Da zwischen den Inseln kein Genfluss mehr besteht, können die Singvögel auch keinerlei Allele mehr miteinander austauschen und es kommt zur Separation der beiden Populationen. Sind die beiden Populationen lange genug getrennt, kann es in diesem Prozess der Separation zu einer reproduktiven Isolation kommen, sodass sich die beiden Populationen nicht mehr untereinander fortpflanzen können. Gelangen nun Individuen der neu entstandenen Art zurück auf die Ursprungsinsel, kann dies dazu führen, dass diese an die selbe ökologische Nische angepasst sind und demnach mit der anderen Art um diese ökologische Nische konkurrieren. Nach dem Konkurrenzausschlussprinzip kann nur eine Art eine ökologische Nische besetzen und es kommt entweder zum Aussterben einer Art, oder eine Art ist im Stande auf eine andere ökologische Nische auszuweichen und neben der anderen Art zu koexistieren. Es kann jedoch auch sein, dass die neu entstandene Art sich auf der anderen Insel derart entwickelt hat, dass sie unmittelbar eine freie ökologische Nische auf der Ursprungsinsel besetzt und nicht mit der Stammart in Konkurrenz tritt.

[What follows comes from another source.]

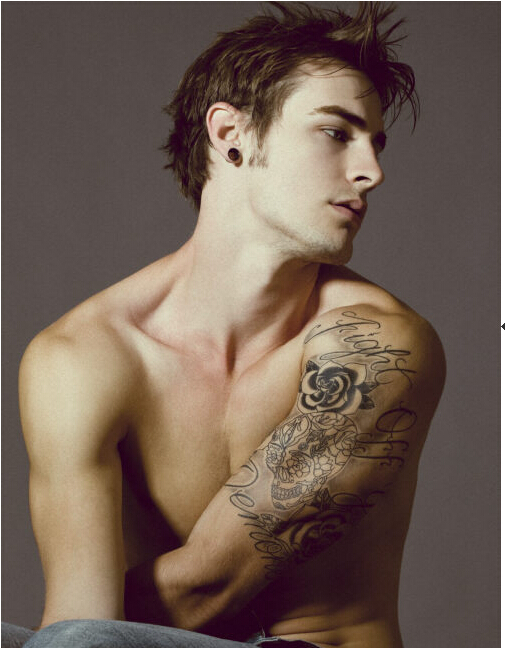 男生手臂个性的骷髅头纹身

Isolierte Inselketten mit unterschiedlichen Lebensräumen (Habitaten) sind oft Schauplätze solcher adaptiver Radiationen. Die eingewandernten Kolonien durchlaufen zahlreiche allopatrische und sympatrische Prozesse, die zu Arten führen, die nirgends sonst auf der Welt gefunden werden können.
Neben den Darwinfinken , die das typische Beispiel einer adaptiven Radiation darstellen, gibt es fossile Hinweise, dass nach dem Dinosauriersterben vor 65 Mio Jahren die Säugetiere eine dramatische, adaptive Radiation erfahren haben.